ECLI:NL:RBMNE:2022:6166
Rechtbank Midden-Nederland
- Eerste aanleg - enkelvoudig
- Rechtspraak.nl
Omleiding zorgtoeslag en bestuursrechtelijke premie door CAK
In deze zaak heeft de Rechtbank Midden-Nederland op 20 december 2022 uitspraak gedaan in een geschil tussen een eiser en het CAK, vertegenwoordigd door de algemeen directeur van het Centraal Justitieel Incassobureau (CJIB). De eiser ontving zorgtoeslag, maar het CAK heeft besloten deze zorgtoeslag te gebruiken om een deel van de bestuursrechtelijke premie te voldoen. Eiser heeft bezwaar gemaakt tegen dit besluit, maar het bezwaar werd ongegrond verklaard. Eiser heeft vervolgens beroep ingesteld tegen dit besluit, waarbij hij aanvoerde dat hij een overeenkomst had met ASR en dat de melding door FBTO bij het CAK onterecht was.
De rechtbank heeft de zaak behandeld op 1 december 2022, maar eiser was niet aanwezig. Eiser had eerder verzocht om de zitting uit te stellen, omdat hij de uitnodiging te laat had ontvangen en niet op de hoogte was van de inhoud van de zitting. De rechtbank heeft dit verzoek afgewezen, omdat eiser op de juiste wijze was uitgenodigd en hij op de hoogte was van de zitting. De rechtbank heeft vastgesteld dat eiser door zijn zorgverzekeraar FBTO als wanbetaler was aangemeld bij het CAK, wat leidde tot een bestuursrechtelijke premie van € 152,20 per maand. De rechtbank oordeelde dat tegen besluiten over het betalen van een bestuursrechtelijke premie geen bezwaar of beroep kan worden ingesteld, en dat de aanmelding als wanbetaler niet in een bestuursrechtelijke procedure kan worden aangevochten.

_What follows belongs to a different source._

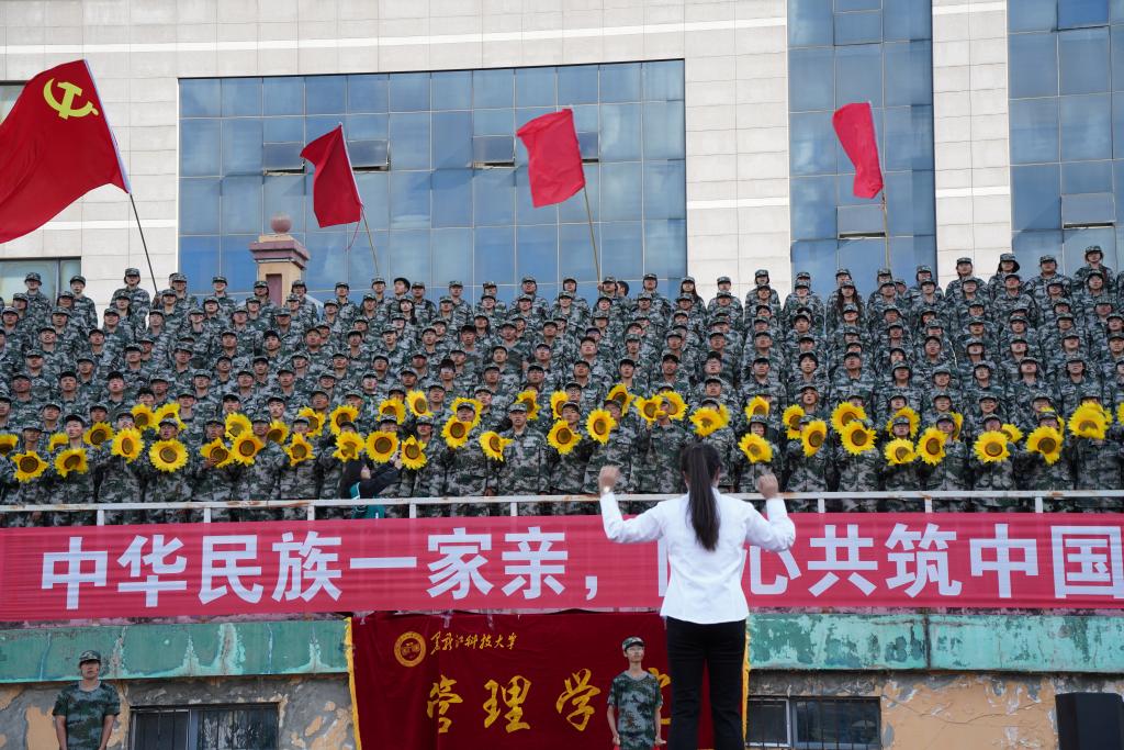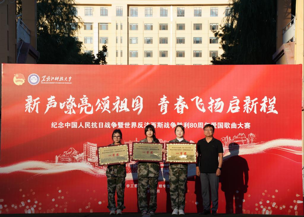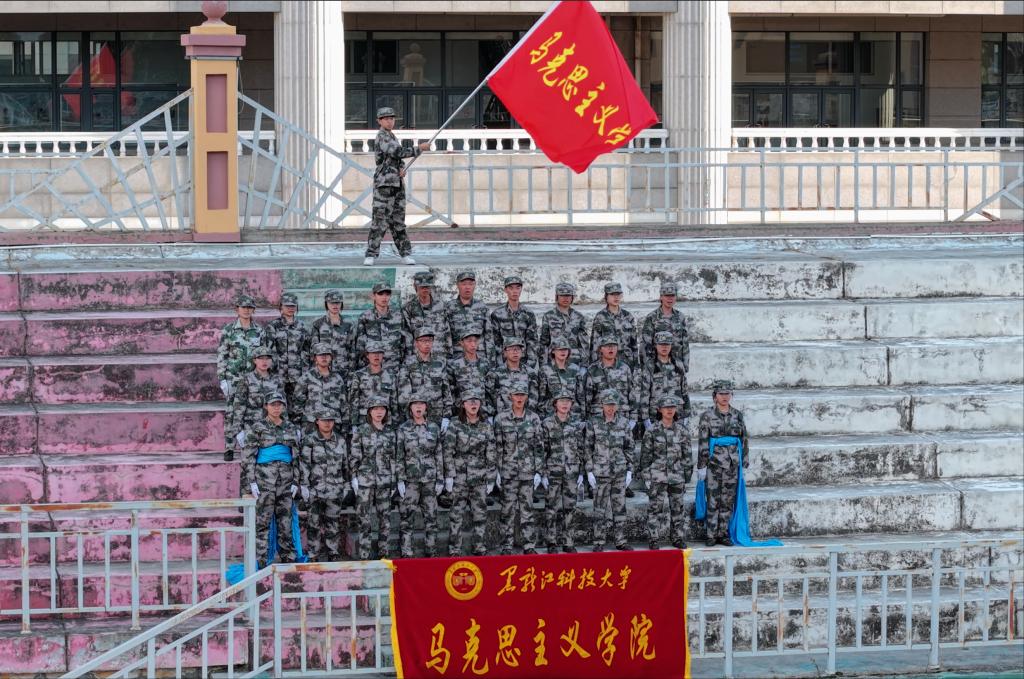 在比赛中,来自全校各学院的15支参赛队伍依次演唱,用激昂嘹亮、饱含深情的歌声,唱响了爱党爱国爱军的时代强音。比赛现场,既有《没有共产党就没有新中国》《人民军队忠于党》《四渡赤水出奇兵》等承载厚重历史的经典红歌,唤起了师生对峥嵘岁月的无限追忆;也有《祖国不会忘记》《强军战歌》《中国军魂》等充满时代气息的新时代爱国曲目,展现了人民军队的威武雄壮和新时代青年报效祖国的壮志豪情。一首首耳熟能详的旋律回荡在田径场上空,青年学子们以歌抒怀,用最真挚的情感表达对革命先烈的崇高敬意和对伟大祖国的无限热爱,生动勾勒出新时代青年昂扬向上、奋发有为的精神风貌。当校歌《江畔朝阳》的熟悉旋律响起,全体新生共同合唱、声震校园,为本次爱国歌曲合唱比赛画上了圆满句号。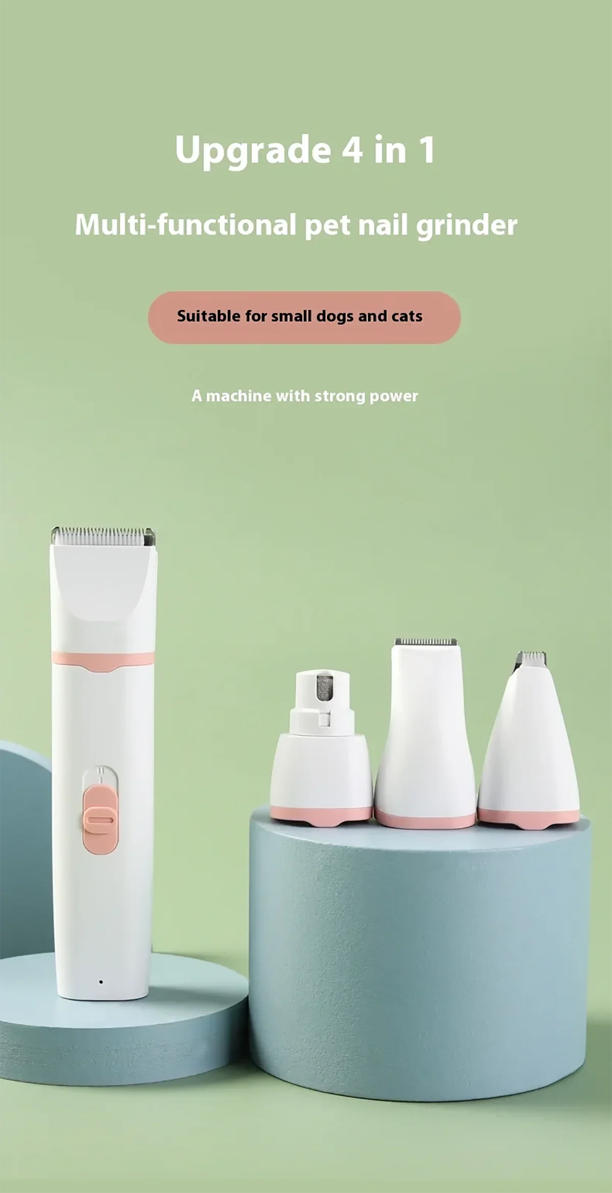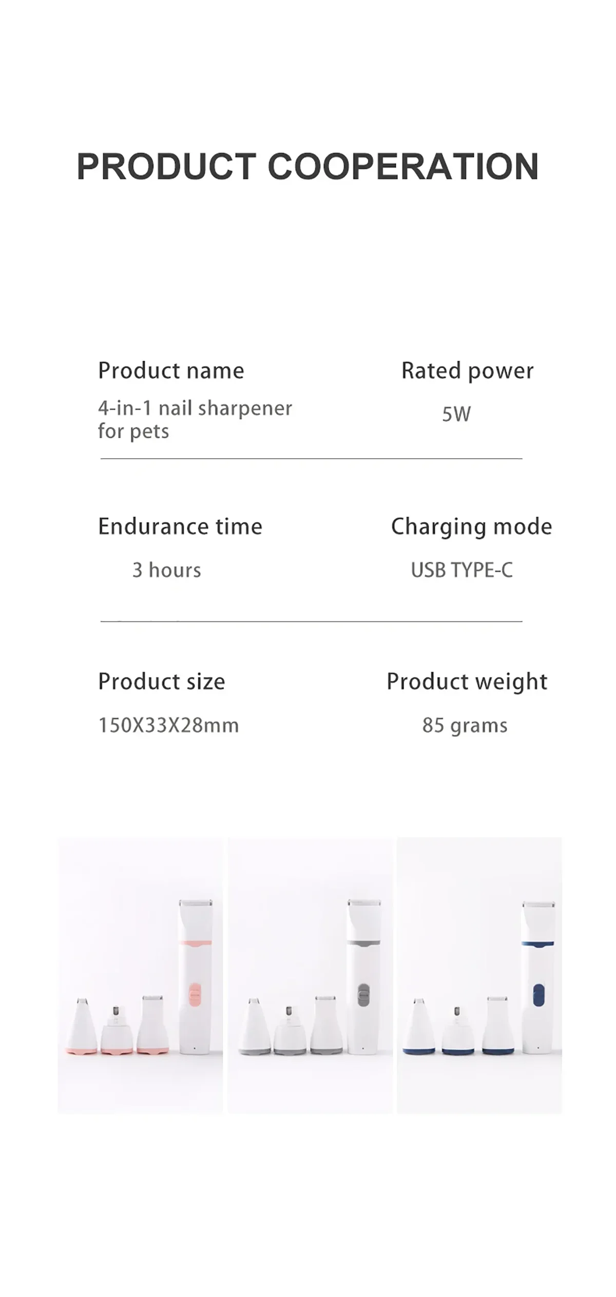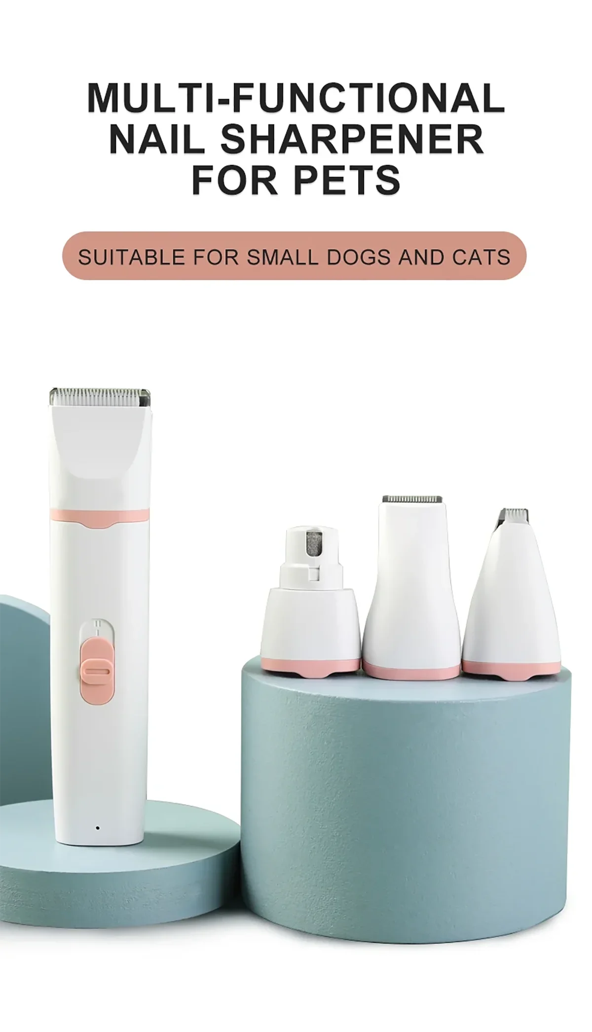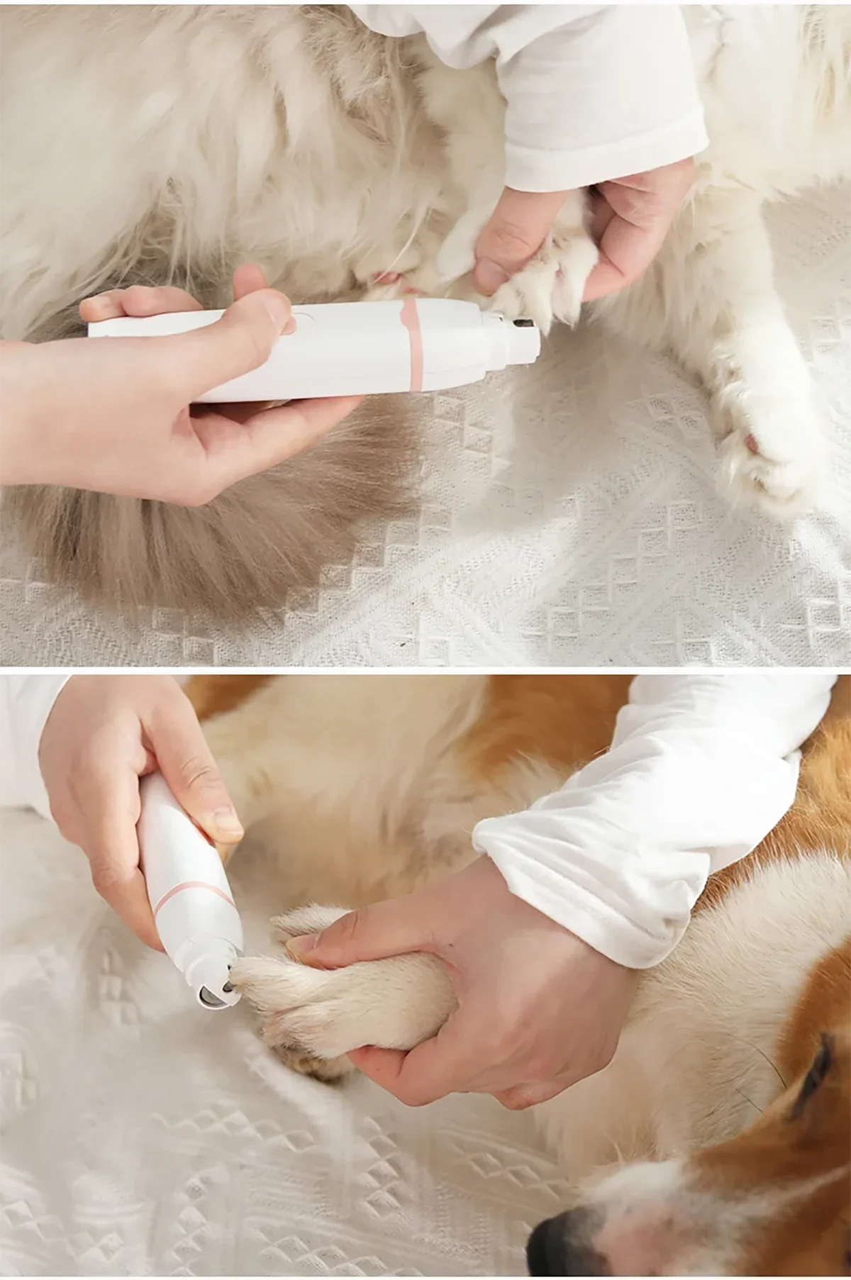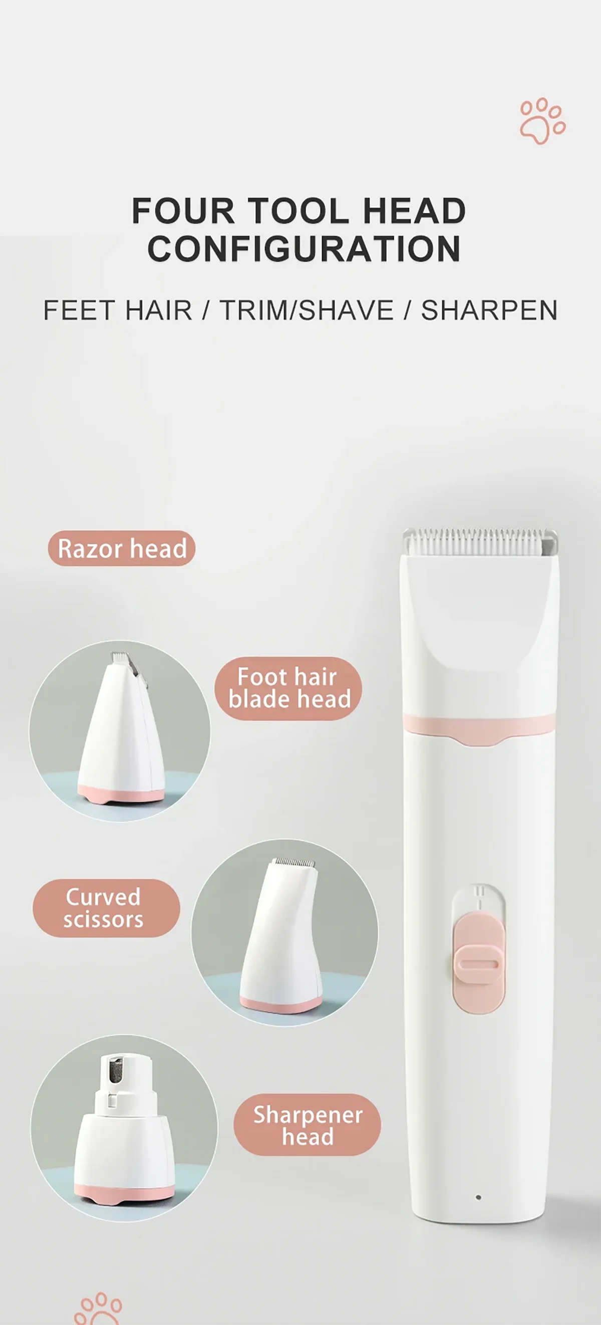 【Pet Grooming Kit Includes】 1 x Dog Paw Trimmer (1 x Large Head + 1 x Medium Curved Head), 1 x USB Charging Cord, 1 x Cleaning Brush, 4 x Restriction Combs (Protective Combs).

De rechtbank concludeerde dat het CAK op de aanmelding door de zorgverzekeraar moest afgaan en dat eiser zich moest wenden tot zijn zorgverzekeraar als hij het niet eens was met de aanmelding. De rechtbank oordeelde dat het CAK de wet correct had toegepast door de zorgtoeslag als tegemoetkoming in de bestuursrechtelijke premie aan het CJIB uit te laten betalen. Eiser kreeg geen gelijk en het beroep werd ongegrond verklaard.